ASSIGNMENT — The lines in the listing below are to be given again exactly, starting at the line holding "100 | 1402/05/09 |" and ending at the line holding "我叫寒潮,2020年12月底". Do not include pictures.
◆ ◆ ◆ ◆
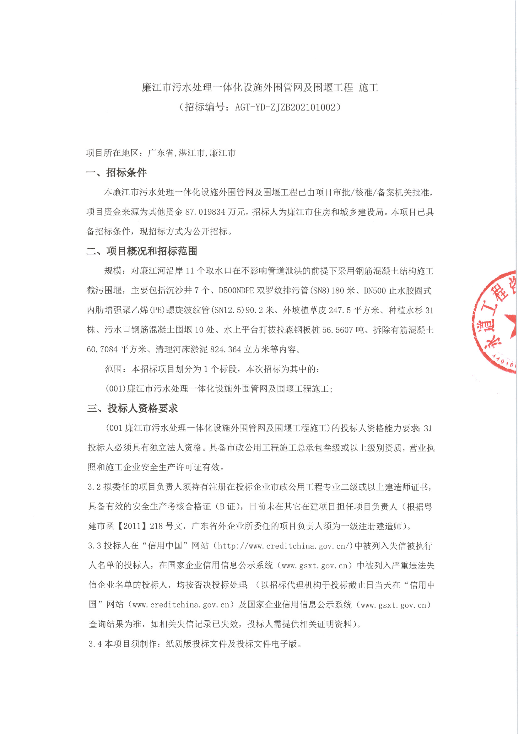 廉江市污水處理一體化設(shè)施外網(wǎng)管網(wǎng)及圍堰工程施工
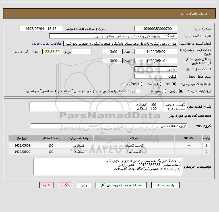 | 2 | -- | گوشت مرغ | کیلوگرم | 100 | 1402/05/09 |
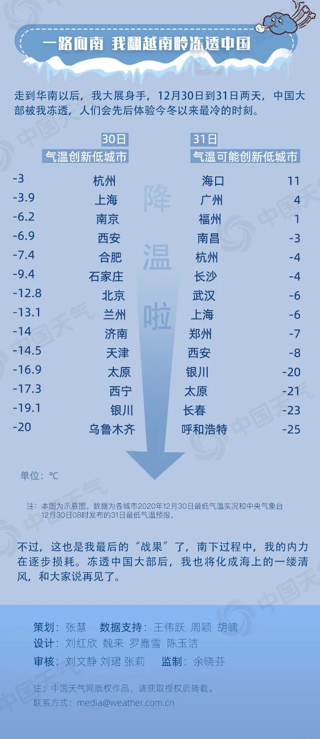 我叫寒潮,2020年12月底来到中国,“跑遍”大江南北,冻透大约八成国土,大家都叫我“年度霸王级寒潮”。
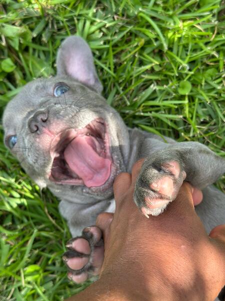 message tuscaloosafrenchies about this ad 1. Basic Information Breed: French Bulldog Gender: Female Color/markings: Blue Age: 16 weeks old Weight: 11.25 pounds 2. Health Information Vet-checked with date of last exam: 08/16/2025 Vaccination records: Complete vaccination set - DAPP, DHLPP, Bordetella, Rabies, and fecal exam Dewormed schedule: 1x/month Simparica Trio No Microchip 3. Registration & Pedigree AKC registration: Full rights 4. Care & Training Potty training progress: Crate trained; potty training in progress Temperament: playful, cuddly, good with kids and pets Feeding routine: Royal Canin 3x/day 5. Pricing & Terms Price: $4,000 Payment options accepted: Cash, Zelle, Venmo, and PayPal 6. Whats Included Starter pack includes food, toy, blanket and health records 7. Location & Pickup/Delivery Options Delivery available for 50-mile radius of Birmingham and Tuscaloosa, Alabama Distance of delivery can be discussed *If interested in Cartier, please send a message to schedule a meet and greet or to purchase directly. message tuscaloosafrenchies about this ad |
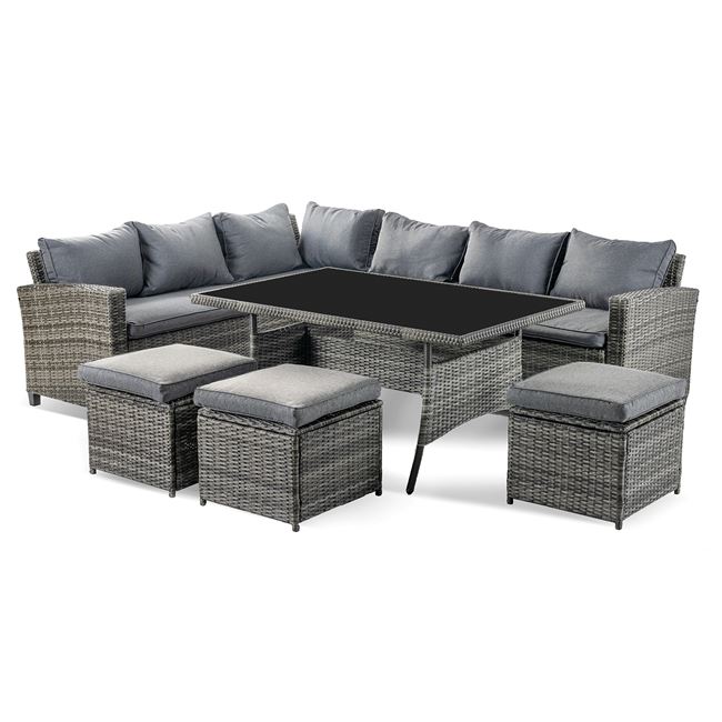 Set Μεταλ/Wicker Γκρι (Τραπ+6θ Καν.Γωνία+ 3 Σκαμπό) K/D
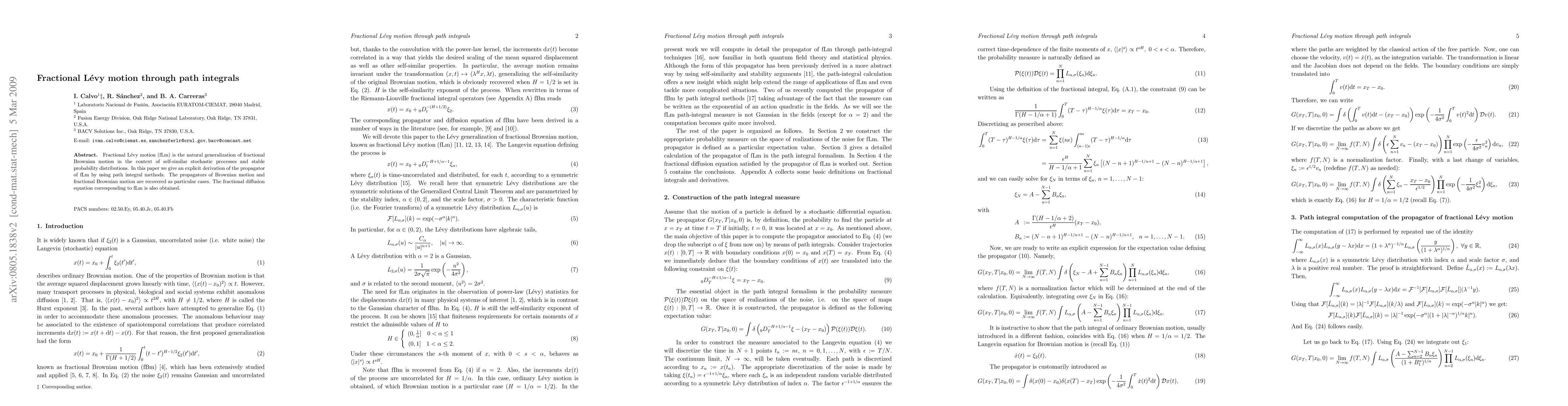 This paper derives the propagator for fractional Levy motion using path integral methods, generalizing fractional Brownian motion and obtaining the fractional diffusion equation, with Brownian and fractional Brownian motion propagators as special cases.
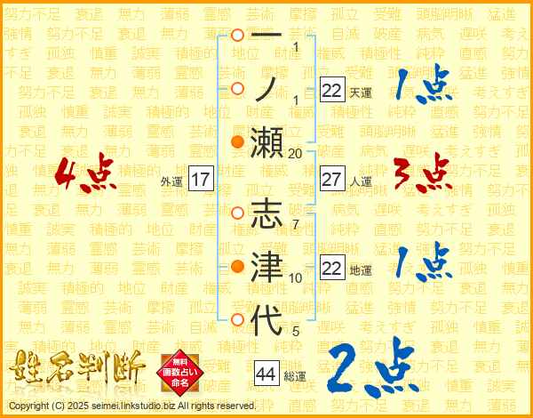 一(1画)ノ(1画)瀬(20画) 志(7画)津(10画)代(5画)
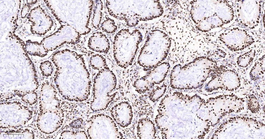 Paraformaldehyde-fixed, paraffin embedded Human Colon; Antigen retrieval by boiling in sodium citrate buffer (pH6.0) for 15 min; The section was incubated with TRIM28 Monoclonal Antibody, Unconjugated (bsm-63000R) at 1:200 overnight at 4°C, followed by conjugation to the bs-0295G-HRP and DAB (C-0010) staining.
◆ ◆ ◆ ◆
RESPONSE TO THE EXERCISE —
 | 2 | -- | گوشت مرغ | کیلوگرم | 100 | 1402/05/09 |
 我叫寒潮,2020年12月底来到中国,“跑遍”大江南北,冻透大约八成国土,大家都叫我“年度霸王级寒潮”。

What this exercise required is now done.